This dissertation describes the occurrence of pumping-induced earth fissures associated with quaternary faulting using numerical simulations. The Eglington Fault located in Las Vegas valley has been selected as the prototype fault described herein. The finite-element software program ABAQUS is used for the numerical simulations.

The Eglington fault area is chosen because it represents one of the best examples displaying the complex relationship between fissuring, faulting and pumping-induced stress. This fault is known to influence both the vertical and horizontal deformation patterns through the accumulation of stress in its vicinity. The result is that fissures are observed on both sides of the fault and in close proximity to the fault plane. In addition to the complex fault-fissure connection, a thick caliche-rich vadose zone with weak mechanical strength allows for the initiation and propagation of fissures.

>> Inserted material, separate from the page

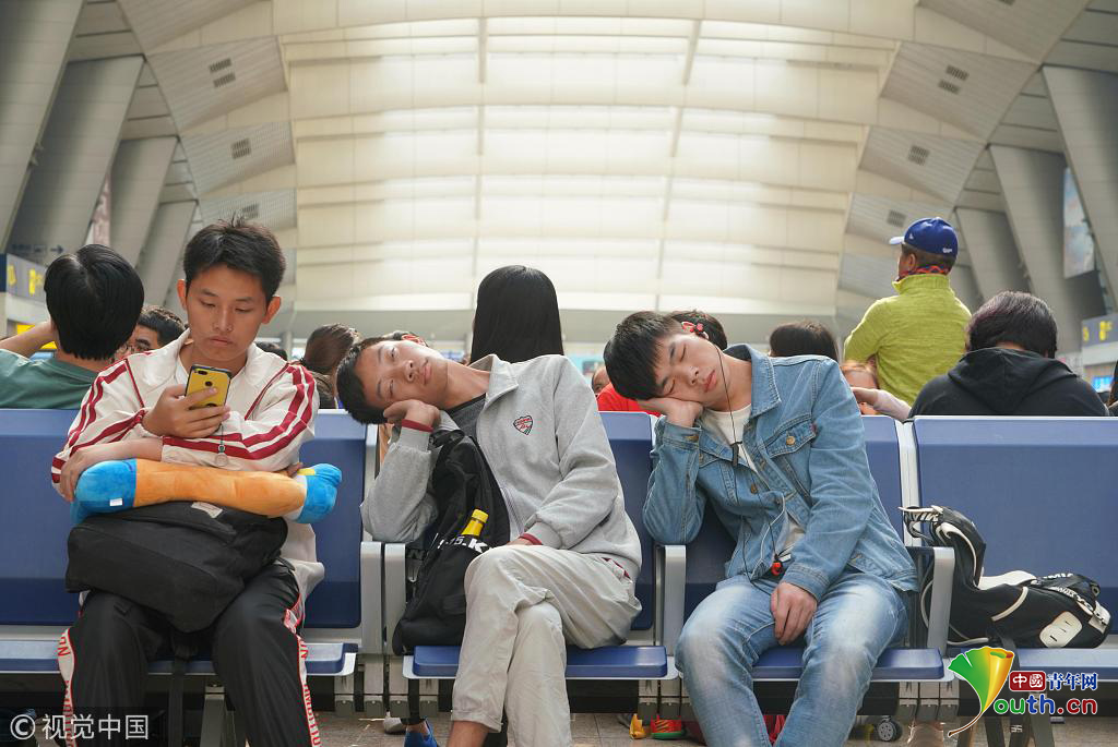 2018年10月1日,两名旅客在北京南站内候车时打盹。当天是国庆假期首日,北京南站迎来客流高峰。此前,据北京铁路局预计,国庆黄金周将发送旅客1168万人,同比增加19.9万人。其中10月1日为出行高峰日,预计当天发送旅客143万人,同比增加4.7万人。图片作者:张兴龙

The numerical analysis a) investigates the geometrical and hydromechanical features of the zone of influence surrounding the Eglington Fault; b) identifies the zones of accumulated stress on the surface and at depth that can lead to fissuring; and c) simulates the onset and propagation of tensile-induced fissures.

Three-dimensional numerical simulations of this fault indicate that a 100-meter wide fault-zone composed by sand-like material best reproduces the conditions of stress that may lead to fissuring in the vicinity of the fault. Additionally, two-dimensional models reveal that two main mechanisms promote the accumulation of stress in the vicinity of the fault zone: one is the counterclockwise rotation of the unsaturated portion of the fault zone; the other is the differential compaction caused by the difference in the accumulated thickness of compressible layers. Tensile stress is concentrated on the surface in the hanging wall, but maximum shear stress zones are simulated to occur on both sides of the fault at the contact between the saturated aquifer and the vadose zone. A final analysis of the initiation and propagation of tensile-induced fissures demonstrates that fissures commence and propagate only within the vadose zone, and that the propagation path is influenced by the mechanical properties of the medium and the location of the main load, which in this case is pumping.